I've actually reported some of those "subscriber only" sites to Google, but not surprised that nothing much happened - since I suspect Google gets $$$ from them, and the unwritten guidelines is don't deceive users unless you pay us $$$ :).

As Google's user, I very rarely want to get search results for content that I can't access. If they want that feature, at least I should be allowed to opt in/out much like their "safesearch".

So much for Google's don't be evil eh?

You should try search.yahoo.com and search.live.com once in a while to see if they are better. So far they are about as good as Google. If Google becomes worse I have no qualms about switching.

Re:Google guidelines (1)

tepples (727027) | more than 5 years ago | (#25745311)

As Google's user, I very rarely want to get search results for content that I can't access.
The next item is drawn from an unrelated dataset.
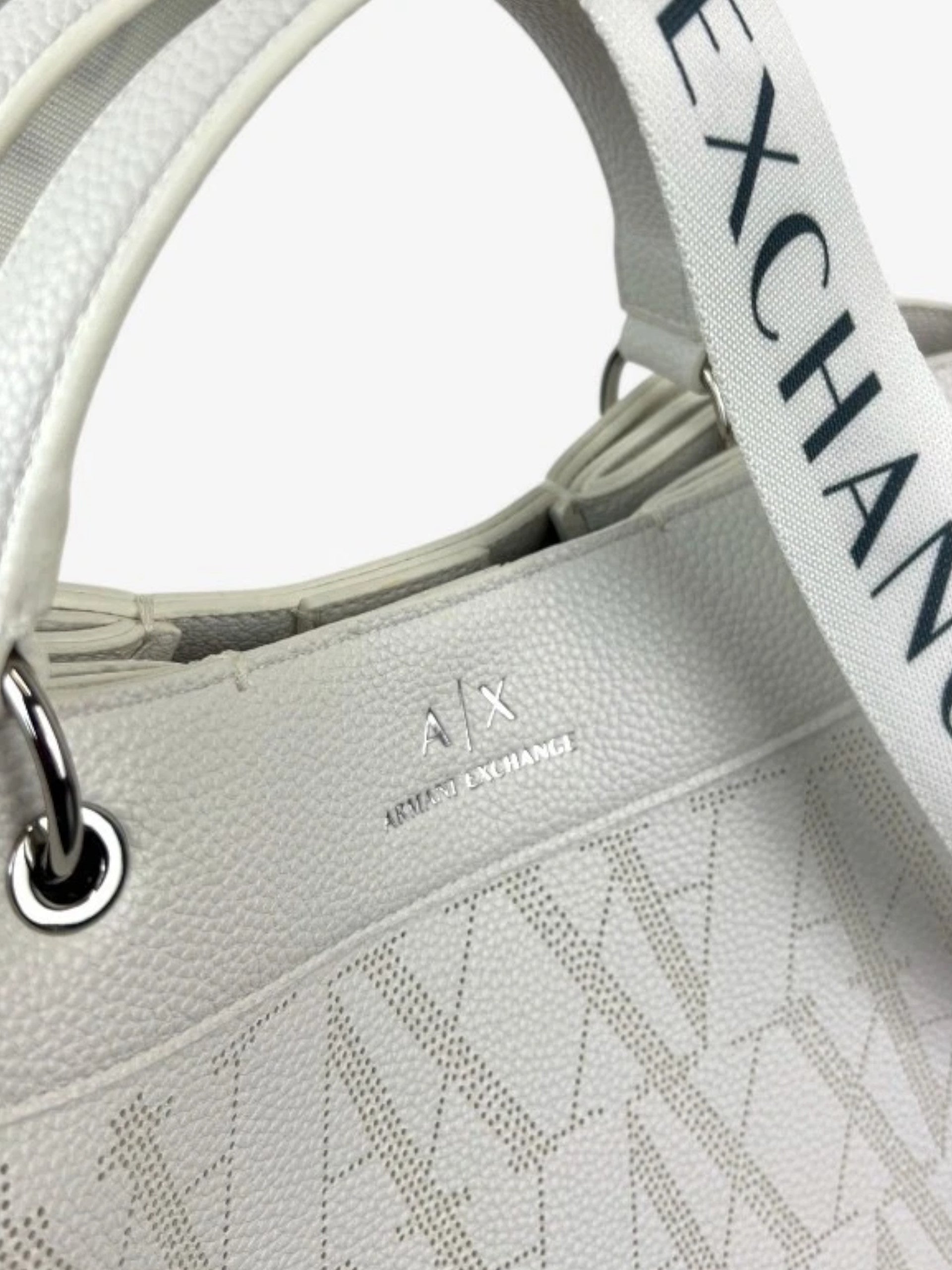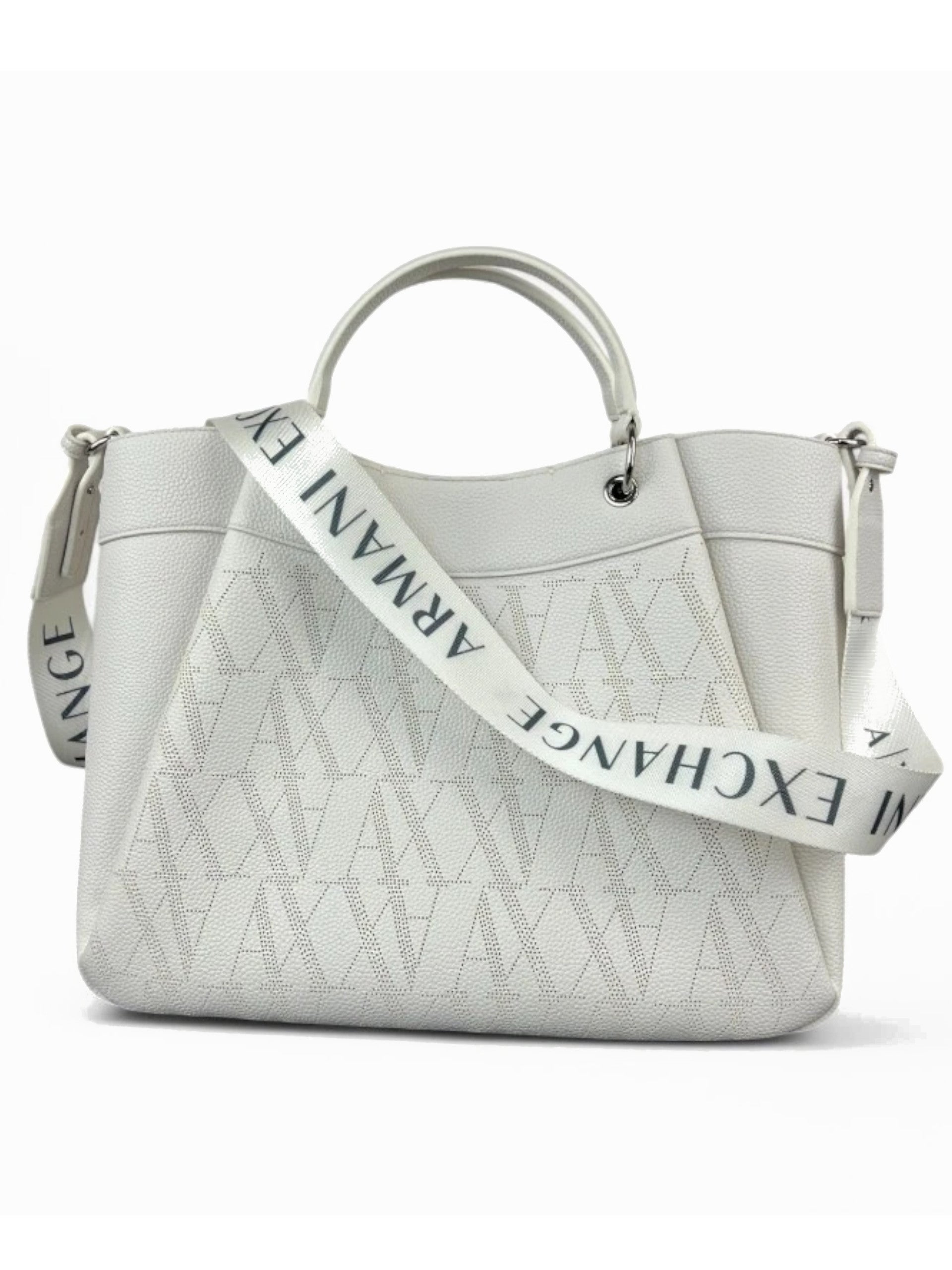 Borsa Armani Exchange AX bianca Shopping L da donna XW000954AF13679 U0002. Questa borsa AX bianca ha il doppio manico, la chiusura con bottone automatico, la tracolla rimovibile e regolabile, il salvaspalla e il logo AX all over traforato. All'interno di questa borsa donna Armani troviamo un unico grande scomparto con due tasche interne.

If you are still in university, you can access it: e-mail the URL to yourself and access it from a desktop computer inside the university library. I guess Google assumes that anybody who searches for what it thinks are scholarly topics is still in school and therefore has access to the school's subscription to JSTOR, Wiley, Elsevier, SpringerLink, and other closed-access scholarly journal sites that I see spamming the listings. But for those who have left school after finishing a degree, tough droppings. I've already asked Google a couple times for a flag that I could add to a query to block search results with the nocache flag, but nobody has replied.

Re:Google guidelines (1)

TheLink (130905) | more than 5 years ago | (#25746313)

1) I'm not in university
2) Which universities are allowed access? I'll find it interesting and amazing if somehow all universities worldwide have access.

As it is, such results are useless and a big waste of time to me.

Re:Google guidelines (1)

tepples (727027) | more than 5 years ago | (#25746645)

Which universities are allowed access?

Any library that subscribes to journals is allowed access to articles from those journals. In general, underfunded county libraries choose not to spend tax money on them, but libraries affiliated with universities that offer courses in those areas need the subscriptions for their students.

This means more spam (1)

SoundGuyNoise (864550) | more than 5 years ago | (#25738611)

This will certainly defeat the practice of obfuscating links with e-mail addresses in them, by using a picture link or "click here."

If the search engine can read source code, it can certainly parse out an email address.

Re:This means more spam (2, Informative)

tepples (727027) | more than 5 years ago | (#25738639)

This will certainly defeat the practice of obfuscating links with e-mail addresses in them, by using a picture link or "click here."

"Click here" still works: use a web form to send e-mail instead of disclosing an e-mail address that doesn't use a whitelist. And AFB has reported that a picture of an address doesn't work even for legitimate users of speech or braille browsers.

Most Prime (1)

AnalogDog (756238) | more than 5 years ago | (#25738613)

I have pondered how or if this information could be made available. Looking good for open access!

You have to pay?! (5, Insightful)

LingNoi (1066278) | more than 5 years ago | (#25738679)

I don't know about you guys but I prefer not to have to sign up or use the "pro" version for my web searching needs.

In fact why do I have to sign up to web search anything?

Besides this thing looks like it just gets in your way [deepdyve.com] .

Thanks, but it's not a google killer.

Re:You have to pay?! (1)

jabithew (1340853) | more than 5 years ago | (#25739949)

Because it searches stuff Google can't access because of pay barriers. I have to be on the college network to get at this stuff.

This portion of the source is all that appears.